- Westerway
- Coordinates: 42°41′S 146°47′E﻿ / ﻿42.683°S 146.783°E
- Country: Australia
- State: Tasmania
- Region: Central, South-east
- LGA: Central Highlands, Derwent Valley;
- Location: 65 km (40 mi) NW of Hobart; 29 km (18 mi) NW of New Norfolk; 20 km (12 mi) NE of Maydena;

Government
- • State electorate: Lyons;
- • Federal division: Lyons;

Population
- • Total: 225 (2016 census)
- Postcode: 7140
Localities around Westerway
| Fentonbury | Fentonbury, Meadowbank | Meadowbank |
| National Park, Fentonbury | Westerway | Glenora, Bushy Park, Meadowbank |
| National Park, Styx | Styx, Uxbridge | Uxbridge |

= Westerway, Tasmania =

Locality in Tasmania, Australia

Westerway is a rural locality in the local government areas (LGA) of Central Highlands and Derwent Valley in the Central and South-east LGA regions of Tasmania. The locality is about 29 km north-west of the town of New Norfolk. The 2016 census recorded a population of 225 for the state suburb of Westerway.

==History==
Westerway was originally known as Russell or Russelldale and was named after surgeon J J Russell, one of the party who discovered a set of waterfalls 3 km from Fenton Forest. (These are not the present day Russell Falls.) The Derwent Valley Railway line reached the town in 1909. Russell Post Office opened on 1 October 1910 and was renamed Westerway in 1919.

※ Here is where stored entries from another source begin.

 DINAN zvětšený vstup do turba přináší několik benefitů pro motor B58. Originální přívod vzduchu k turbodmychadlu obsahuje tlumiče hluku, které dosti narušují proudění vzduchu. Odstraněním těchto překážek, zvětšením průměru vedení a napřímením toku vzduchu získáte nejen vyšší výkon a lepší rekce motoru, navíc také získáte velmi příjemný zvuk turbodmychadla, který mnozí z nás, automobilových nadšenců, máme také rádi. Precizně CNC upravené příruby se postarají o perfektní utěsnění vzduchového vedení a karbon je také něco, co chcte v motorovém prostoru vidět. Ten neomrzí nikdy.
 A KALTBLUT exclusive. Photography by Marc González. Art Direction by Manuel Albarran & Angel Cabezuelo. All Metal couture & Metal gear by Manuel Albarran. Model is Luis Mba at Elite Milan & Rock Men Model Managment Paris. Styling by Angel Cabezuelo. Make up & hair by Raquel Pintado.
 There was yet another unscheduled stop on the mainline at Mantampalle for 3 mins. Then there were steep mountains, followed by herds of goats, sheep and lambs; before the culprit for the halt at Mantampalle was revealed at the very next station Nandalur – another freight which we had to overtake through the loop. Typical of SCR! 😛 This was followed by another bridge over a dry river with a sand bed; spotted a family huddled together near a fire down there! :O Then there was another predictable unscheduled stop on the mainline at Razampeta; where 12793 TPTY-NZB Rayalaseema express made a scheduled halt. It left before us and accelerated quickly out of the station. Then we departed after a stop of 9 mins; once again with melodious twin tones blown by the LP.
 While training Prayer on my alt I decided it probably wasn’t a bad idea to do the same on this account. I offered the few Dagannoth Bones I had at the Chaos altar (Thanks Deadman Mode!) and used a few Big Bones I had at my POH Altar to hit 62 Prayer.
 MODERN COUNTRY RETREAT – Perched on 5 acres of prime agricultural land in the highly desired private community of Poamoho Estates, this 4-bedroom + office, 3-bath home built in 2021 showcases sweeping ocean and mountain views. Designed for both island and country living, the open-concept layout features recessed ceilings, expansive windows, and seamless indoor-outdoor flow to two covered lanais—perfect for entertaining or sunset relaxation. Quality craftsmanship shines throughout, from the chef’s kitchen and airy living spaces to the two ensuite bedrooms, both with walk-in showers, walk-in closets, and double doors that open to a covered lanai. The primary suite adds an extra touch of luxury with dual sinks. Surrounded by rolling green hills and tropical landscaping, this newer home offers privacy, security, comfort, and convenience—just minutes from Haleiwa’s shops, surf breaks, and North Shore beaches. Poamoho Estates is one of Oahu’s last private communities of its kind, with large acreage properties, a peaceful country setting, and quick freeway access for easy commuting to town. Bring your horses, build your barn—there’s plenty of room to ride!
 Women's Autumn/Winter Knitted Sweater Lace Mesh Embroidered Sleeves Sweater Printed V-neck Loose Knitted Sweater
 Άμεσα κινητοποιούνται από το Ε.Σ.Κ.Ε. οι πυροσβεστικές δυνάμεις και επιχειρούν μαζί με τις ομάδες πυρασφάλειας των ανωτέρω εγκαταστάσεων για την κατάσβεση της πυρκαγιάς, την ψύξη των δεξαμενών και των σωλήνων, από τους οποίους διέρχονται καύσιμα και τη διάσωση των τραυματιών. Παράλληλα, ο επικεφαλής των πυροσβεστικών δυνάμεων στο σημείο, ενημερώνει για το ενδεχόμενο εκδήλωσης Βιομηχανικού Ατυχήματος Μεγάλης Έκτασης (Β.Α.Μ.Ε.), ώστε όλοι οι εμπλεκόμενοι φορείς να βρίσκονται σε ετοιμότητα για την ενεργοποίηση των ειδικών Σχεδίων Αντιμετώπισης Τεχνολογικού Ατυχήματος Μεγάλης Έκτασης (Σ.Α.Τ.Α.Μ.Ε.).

Due to confusion between the town of Russell and Russell Falls further up the road, the town's name was changed in 1919 to Westerway. It was named by, and after, W H Westerway (1851–1930), the main resident of the town who was responsible for many developments in the area. He built an accommodation house and store where Coniston siding is now, owned the Coffee Palace at Glenora and started a livery business driving tourists to Russell Falls.

Westerway School opened in 1920 with thirty-six students. From 1920 to 1960 there was a bakery and, from 1947 to 1970, a police station. At the time of the 1934 bushfires, the original Westerway Hall became a temporary hospital and in 1939 a recruitment office for enlistees. That hall was pulled down and rebuilt in 1940. The present hall replaced the 1940 hall after it burnt down.

Westerway railway station was important as it was the starting point for the pack horse journey to the long abandoned Adamsfield osmiridium mine. As the timber industry became more important to the area, a sawmill was built and the number of timber mills in the area increased and the train line was used to transport logs to Boyer and Hobart. The Derwent Valley Railway was, until recently, used by tourists to visit the area.

Westerway was gazetted as a locality in 1959.

==Geography==
The Tyenna River flows through from west to east.

==Road infrastructure==
Route B91 (Gordon River Road) passes through from east to west. Route C608 (Ellendale Road) starts at an intersection with B91 and runs north-west until it exits.